Освоившись с новой для нее ролью императрицы, Анна убедилась в прочности своего положения и все больше и больше уклонялась от государственных обязанностей.
— Государыня у нас дура и резолюции от нее никакой не добьешься, и ныне у нас герцог что захочет, то и делает, — откровенничал в узком кругу вошедший в силу Артемий Волынский.
Дошло до того, что Анна издала указ, по которому подпись трех кабинет-министров приравнивалась к подписи ее, императрицы.
Вошел в силу Бирон и творил что и как хотел. «Герцог и герцогиня Курляндские... пользуются таким фавором, что от их сумрачного взгляда или улыбки зависит как счастье, так и бедствие целой империи, т. е. настолько, насколько зависит первое от благосклонности, а второе от немилости, — сообщала свои впечатления в Лондон леди Рондо. — Здесь, впрочем, так мало людей, которые не могли бы подвергнуться немилости, что весь народ находится в их, т. е. Биронов, власти. Герцог очень тщеславен и вспыльчив... часто чувствует к одному и тому же лицу такое же отвращение, как чувствовал прежде расположение, он не умеет скрывать этого чувства и высказывает его самым оскорбительным образом... Он имеет предубеждение против русских и выражает это перед самыми знатными из них так явно, что когда-нибудь это сделается причиною его гибели».
Между делом услужливые царедворцы нашептывали Анне, что настала пора свести прошлые счеты. Давно затаила она неприязнь к Дмитрию Голицыну, одному из «верховников». Нашелся повод, и князь сам «подставился» по незначительному случаю. Ему перевалило за семьдесят лет. Анна лично творила «вышний суд», который приговорил престарелого князя к смертной казни. И на этот раз императрица смилостивилась: «И хотя он, князь Дмитрий, смертной казни и достоин, однако ж мы, наше императорское величество, по высочайшему нашему милосердию, казнить его, князя Дмитрия, не указали, а вместо смертной казни послать его в ссылку в Шлиссельбург и содержать под крепким караулом».
На какое-то время страсти вокруг трона в Петербурге улеглись, недовольные вельможи внешне поутихли, и первый кабинет-министр Остерман решил испытать фортуну на южных рубежах.
Слава Богу, что правительница России не обращала внимания на внешние дела и не мешала проводить свою линию Андрею Остерману.
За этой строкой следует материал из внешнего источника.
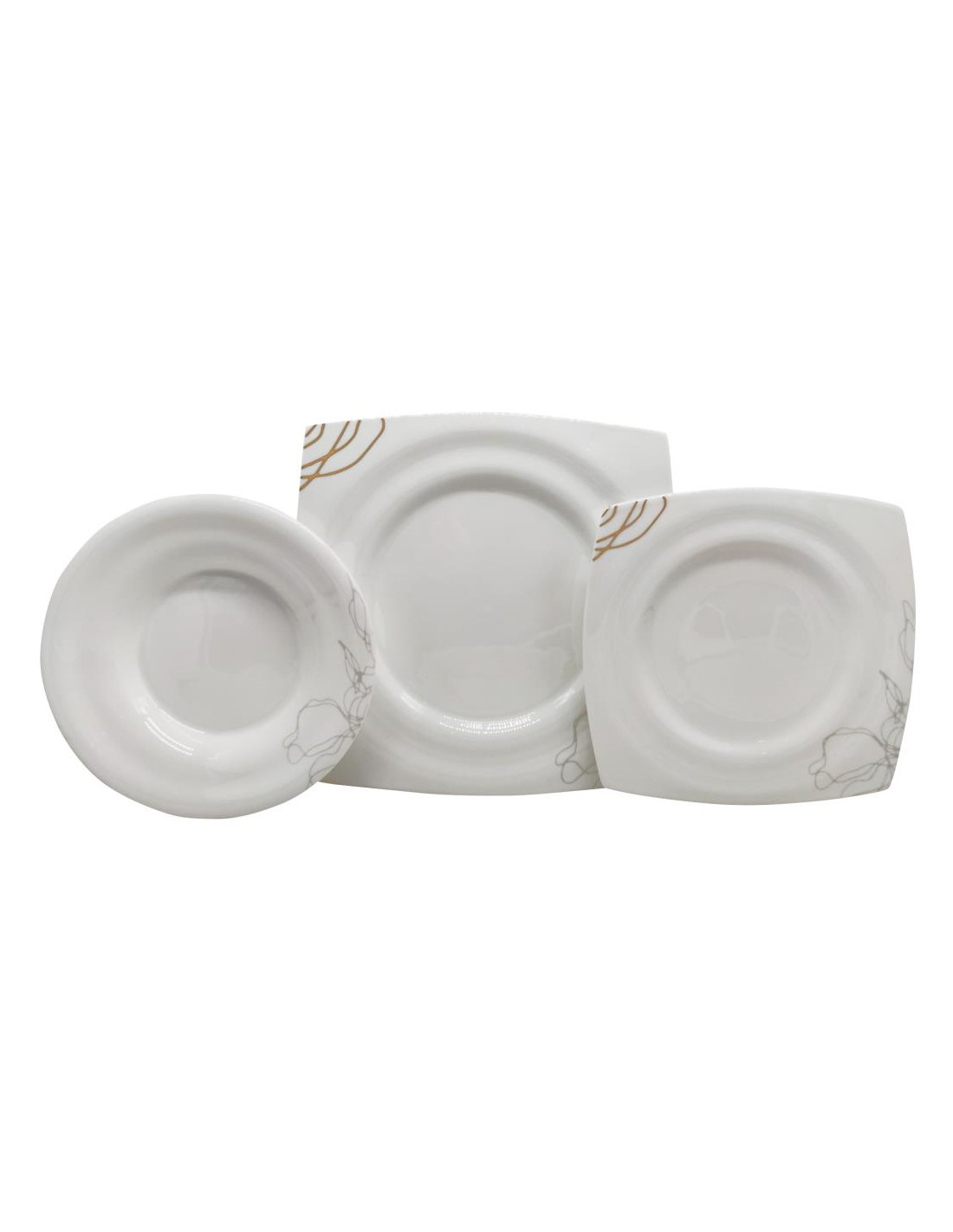 Servizio in porcellana Fine Bone China con decorazione simil floreale e filo oro.

А планы обрусевший вестфалец, протеже Великого Петра, задумал обширные: мало того, чтобы осуществить несбывшиеся мечты своего покровителя, где-то в тайниках души он мечтал и превзойти его в завоеваний выхода в Черное море.
Едва утихомирились поляки, Остерман призвал двух президентов Военной и Адмиралтейств-коллегии. Помнил и чтил заветы преобразователя России — о двух руках потентата. В какой-то мере облеченный большой властью, не страдавший пороками алчности, подобно Бирону, первый кабинет-министр чувствовал себя вольготно и действовал без помех, когда судьбы державы решались в сражениях дипломатических и военных.
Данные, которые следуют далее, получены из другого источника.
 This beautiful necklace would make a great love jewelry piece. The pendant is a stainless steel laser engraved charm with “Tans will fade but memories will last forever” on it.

Только что получил он обнадеживающее донесение из Константинополя от посланника Алексея Вешнякова: «Страх перед турками держится одним преданием. Теперь турки совершенно другие, чем были прежде. Все как будто предчувствуют конец своей беззаконной власти, и да сподобит всевышний Ваше величество ее искоренить».
Поэтому и разговор с Минихом и Головиным Остерман начал с главного:
— Нынче хан Каплан-Гирей, набегая в Кабарду, вторгся в наши земли и разорил их, тем повод нам выдал войска наши в Крым двинуть.
Слушая кабинет-министра, Миних довольно потирал подбородок.
— Видимо, войну Турции объявим? — Миних давно лелеял задумку, где бы после успеха под Данцигом применить свои познания.
— Не угадал, фельдмаршал, — буркнул Остерман и положил руку на карту. — Осенью направишь корпус генерала Леонтьева в Крым, войну османам объявлять не станем. Крымцев, мол, наказываем. Но сие токмо прелюдия.
Остерман выжидающе помолчал, оглядывая собеседника.
— Ранней весной двинемся в Крым всей силой с двух сторон. По Днепру и Донцу начнем с Азова, ключ от моря. Всюду без морской силы не обойтись.
Остерман перевел взгляд на Головина.
— Тебе ведомо, Змаевич на Дону изготовил пушечных прамов полсотни и галер столько же. В Брянске для подмоги на Днепре и у моря, на верфях замешкались. Надобно там теребить Дмитриева.
Остерман, как всегда казалось, непроницаемо хранил безразличие на лице, но все же едва заметно улыбнулся краешком губ, сказал:
— Начнем штурм Азова, тогда и войну объявим Порте. А там, с божьей помощью, и Черное море у басурман отвоюем.